• This repository has been archived on 23/Dec/2018
  • Stars
    star
    234
  • Rank 170,662 (Top 4 %)
  • Language
    Python
  • License
    Other
  • Created over 10 years ago
  • Updated almost 7 years ago

Reviews

There are no reviews yet. Be the first to send feedback to the community and the maintainers!

Repository Details

Provides content not accessible through the standard Amazon API

Amazon Scraper

A Hybrid Web scraper / API client. Supplements the standard Amazon API with web scraping functionality to get extra data. Specifically, product reviews.

Uses the Amazon Simple Product API to provide API accessible data. API search functions are imported directly into the amazon_scraper module.

Parameters are in the same style as the Amazon Simple Product API, which in turn uses Bottlenose style parameters. Hence the non-Pythonic parameter names (ItemId).

The AmazonScraper constructor will pass 'args' and 'kwargs' to Bottlenose (via Amazon Simple Product API). Bottlenose supports AWS regions, queries per second limiting, query caching and other nice features. Please view Bottlenose' API for more information on this.

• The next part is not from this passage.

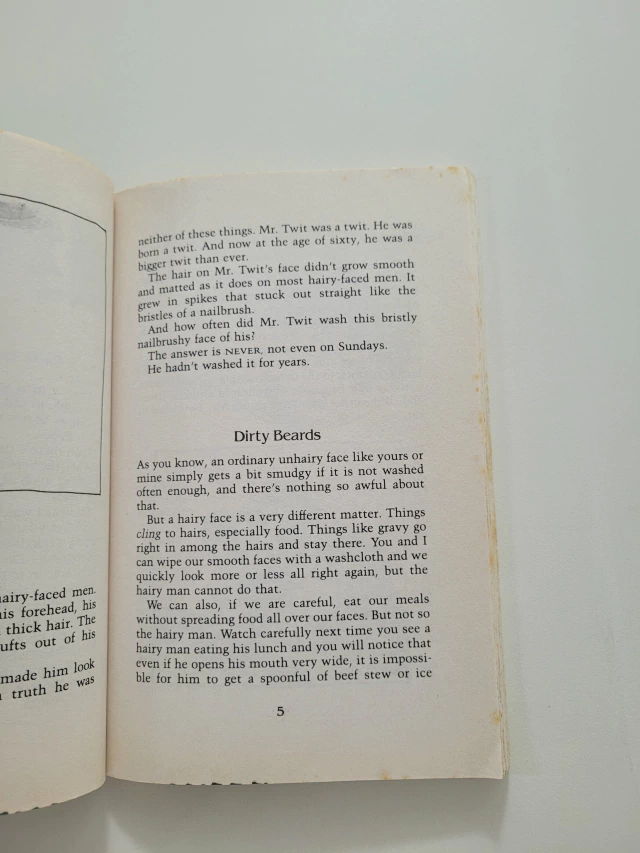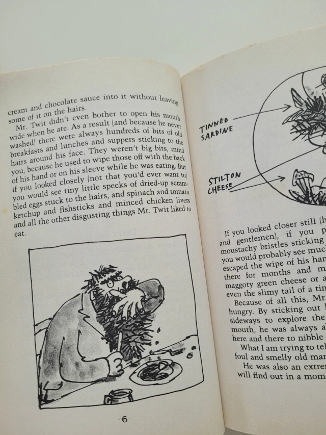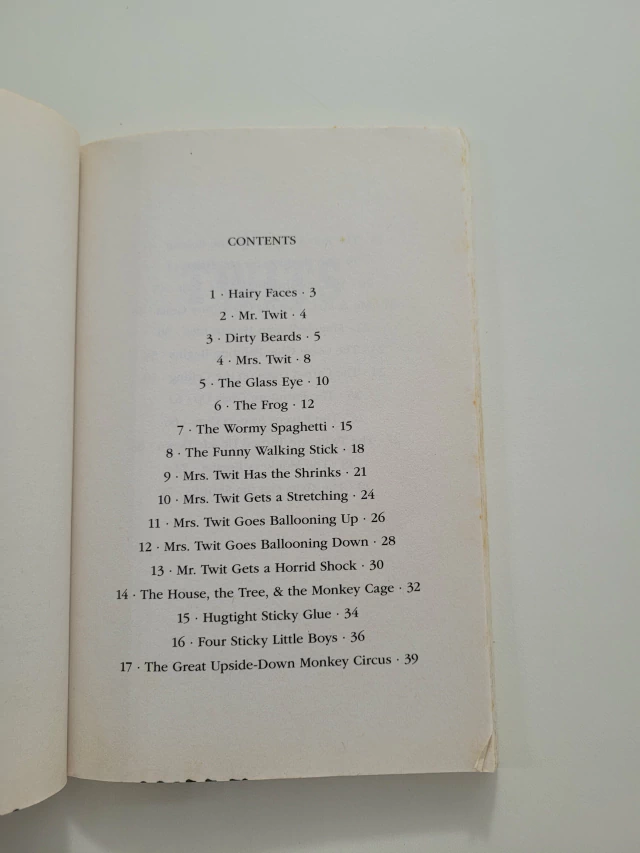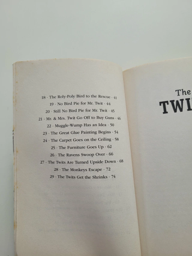 Mr. And mrs. Twit are the smelliest, nastiest, ugliest people in the world. They hate everything-except playing mean jokes on each other, catching innocent birds to put in their bird pies, and making their caged monkeys, the muggle-wumps, stand on their heads all day. But the muggle-wumps have had enough. They don´t just want out, they want revenge.

The latest version of python-amazon-simple-product-api (1.5.0 at time of writing), doesn't support these arguemnts, only Region. If you require these, please use the latest code from their repository with the following command:

pip install git+https://github.com/yoavaviram/python-amazon-simple-product-api.git#egg=python-amazon-simple-product-api

Caveat

Amazon continually try and keep scrapers from working, they do this by:

  • A/B testing (randomly receive different HTML).
  • Huge numbers of HTML layouts for the same product categories.
  • Changing HTML layouts.
  • Moving content inside iFrames.

Amazon have resorted to moving more and more content into iFrames which this scraper can't handle. I envisage a time where most data will be inaccessible without more complex logic.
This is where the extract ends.